Over the last five years, Sears Holdings Corp (NASDAQ: SHLD)'s stock has fallen nearly 100 percent. Now, near it’s seeming nadir, Sears continues to plummet.

What Happened

On Monday, management declared Chapter 11 bankruptcy and announced an immediate CEO change for the 126-year-old company.

CEO Edward Lampert will remain chairman of the board, but executive leadership will be granted to a new Office of CEO occupied by CFO Robert Riecker, Chief Digital Officer Leena Munjal, and President of Apparel and Footwear Gregory Ladley.

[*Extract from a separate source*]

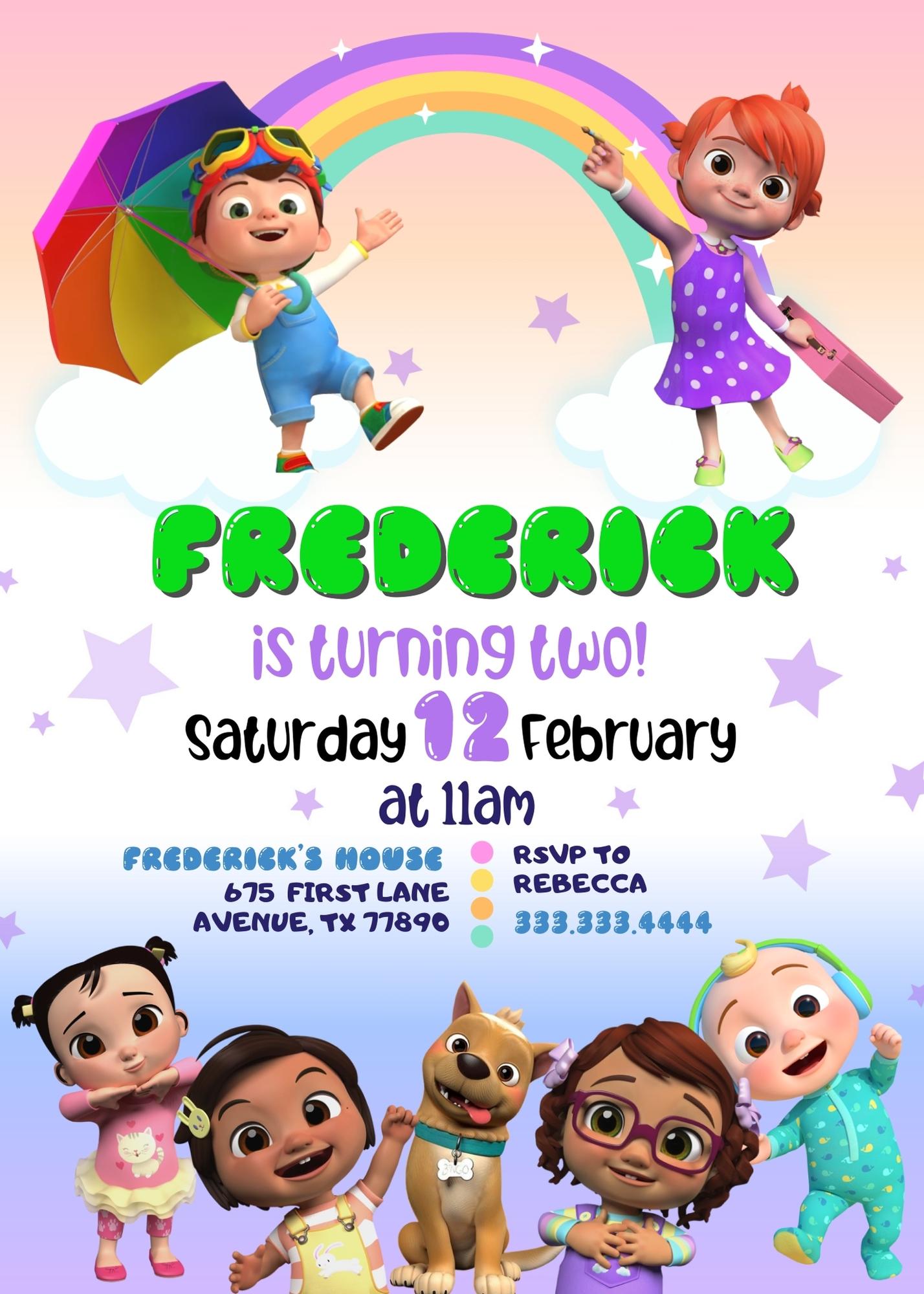 Related Tags: cocomelon invitation, cocomelon birthday, cocomelon invite, first invitation, cocomelon party, digital invite, editable invitation, birthday invitation, printable invitation, invite template, evite, girl birthday, boy birthday

With a new independent restructuring committee, the firm will also accelerate “strategic transformation” with 142 store closures, considered sales of stores and assets, and reorganization around a smaller store platform comprised of locations boasting positive earnings before interest, tax, depreciation and amortization.

In the meantime, Sears will attempt financial restructuring with $300 million in senior debtor-in-possession financing secured from revolving lenders and is currently negotiating another $300 million in junior debtor-in-possession financing from Lampert’s ESL Investments, Inc., Sears’ largest shareholder.

Why It’s Important

Sears’ liquidity position has long hindered recovery efforts, according to leadership.

“The Chapter 11 process will give Holdings the flexibility to strengthen its balance sheet, enabling the Company to accelerate its strategic transformation, continue right sizing its operating model, and return to profitability,” Lampert said in a press release.

Critics have attributed many of the company’s woes to Lampert, who withheld resources from new ventures and store remodeling and expansion. Since he took leadership in 2013, the firm has closed 72 percent of stores and lost 68,000 employees. It now loses $125 million per month.

What’s Next

Management confirmed its Sears and Kmart starts and electronic platforms will remain open for business, continue paying wages and honoring member programs, and see “operations continue in normal course.” It intends to complete restructuring “as expeditiously as possible.”

The firm is in sale talks with ESL for a significant portion of stores, and it will close the 142 unprofitable stores by the end of the year. Liquidation sales at those sites will begin soon.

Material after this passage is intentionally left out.